Underneath her baggy housecoat, Wendy shifts her gun. She looks up to the windows again, expecting to see those blood-red eyes with green pupils looking at her, watching her every move. But he isn’t there. She can feel him. He’s somewhere near, but she can not yet see him.
Fear starts to flood her. Her old, wrinkled skin pales. Her hands shake but hold tightly to her clattering gun. Quickly, she racks her mind. She remembers locking every window, barricading every door. The children know that the one thing she asks is that they never open a window or door at night. They never risk letting in the wrong kind of element, as she reminds them in the day. They think she’s loony; she doesn’t care. She only cares that she protects them.
She whips around so swiftly that she almost stumbles and falls over her own feet. Pipe music is beginning to play in the very hall with her. The Pan lifts his head, and Wendy’s heart drops. He’s made it to them! After all these years, he’s finally made his way again into her home, into her sanctuary!
“No,” she cries and levels the gun she carries all night every night. The female child holding to the beast’s hand steps in front of him. “But, Auntie Wendy,” the rag girl cries, “you said you’d help us!”
“Help you, yes, but help him, never!” She waves her gun. “Move out of the way, child!”
Already, doors are opening. Children are coming forward as the Pan continues to play his haunting melody. Wendy shakes and suddenly feel so very weak and tired.
“You grown ups are all alike,” Pan says, lifting his head from his pipes with a Demonic smile. “You’re always so tired and full of pain and sorrow, and you always fear what you don’t understand.”

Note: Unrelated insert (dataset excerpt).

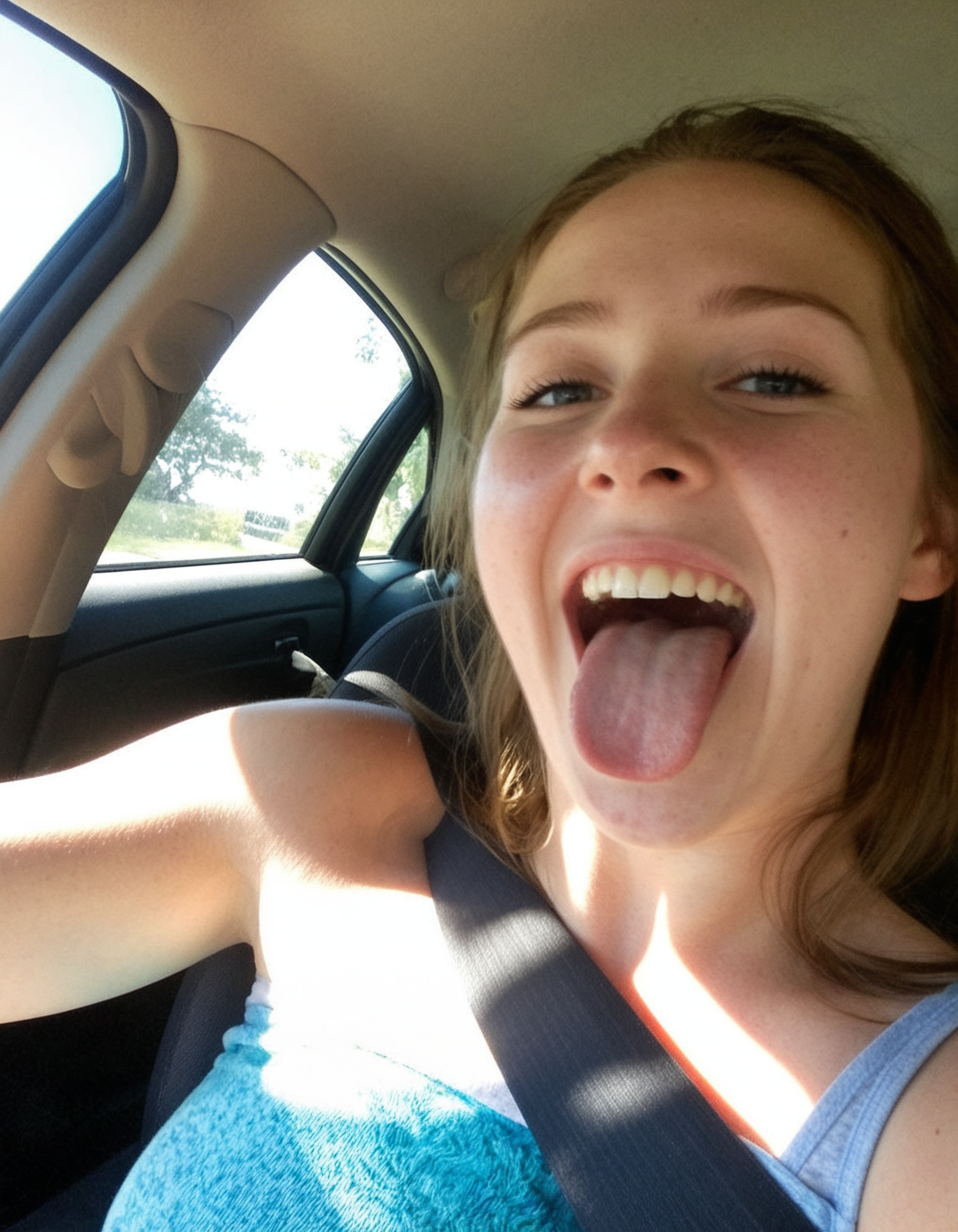Authentic share, Spontaneous, authentic, natural light: Car selfie. Person in driver's seat, light coming through windshield. Seatbelt visible, dashboard and steering wheel in frame. Subject possibly caught mid-laugh or making a face.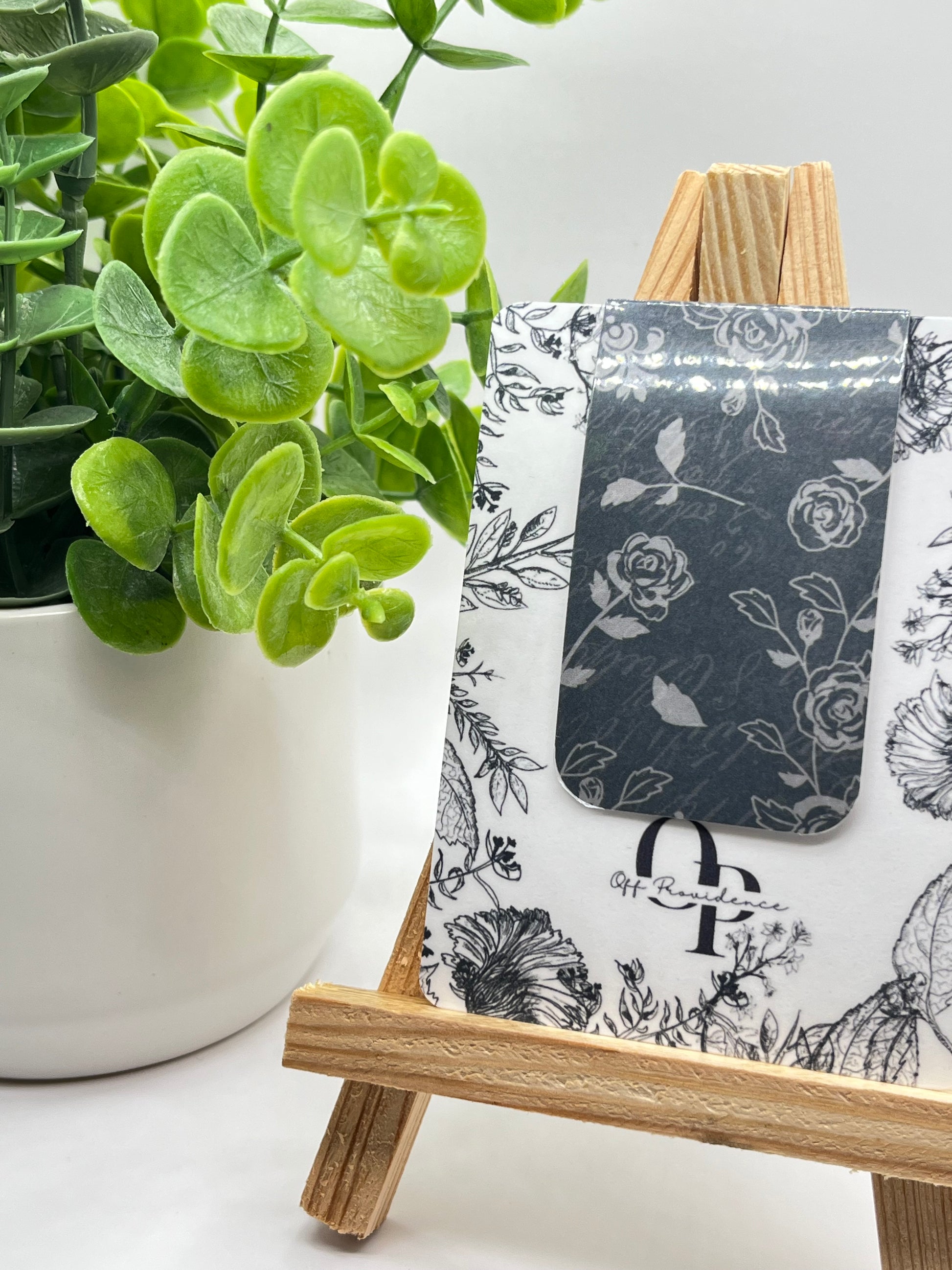 Each bookmark features unique artwork and is printed on durable cardstock and then laminated providing a smooth finish. After lamination, bookmark is scored and magnetic hardware is adhered for magnetic closure.

“Why don’t you take a rest?” Peter Pan smiles at her, and ice slides through Wendy’s bones and veins. She can’t move. She’s rooted to the spot. “You took my children once. Now I’ll take yours, old woman.” Those are the last words she ever hears as Nana barks in the distance and the gun slips from her hand, crashing to the floor, as she topples backwards.
“You could have had it all. You could have been my Mother. Now you’ll have nothing.” Pan smiles and plays his music as Wendy dies.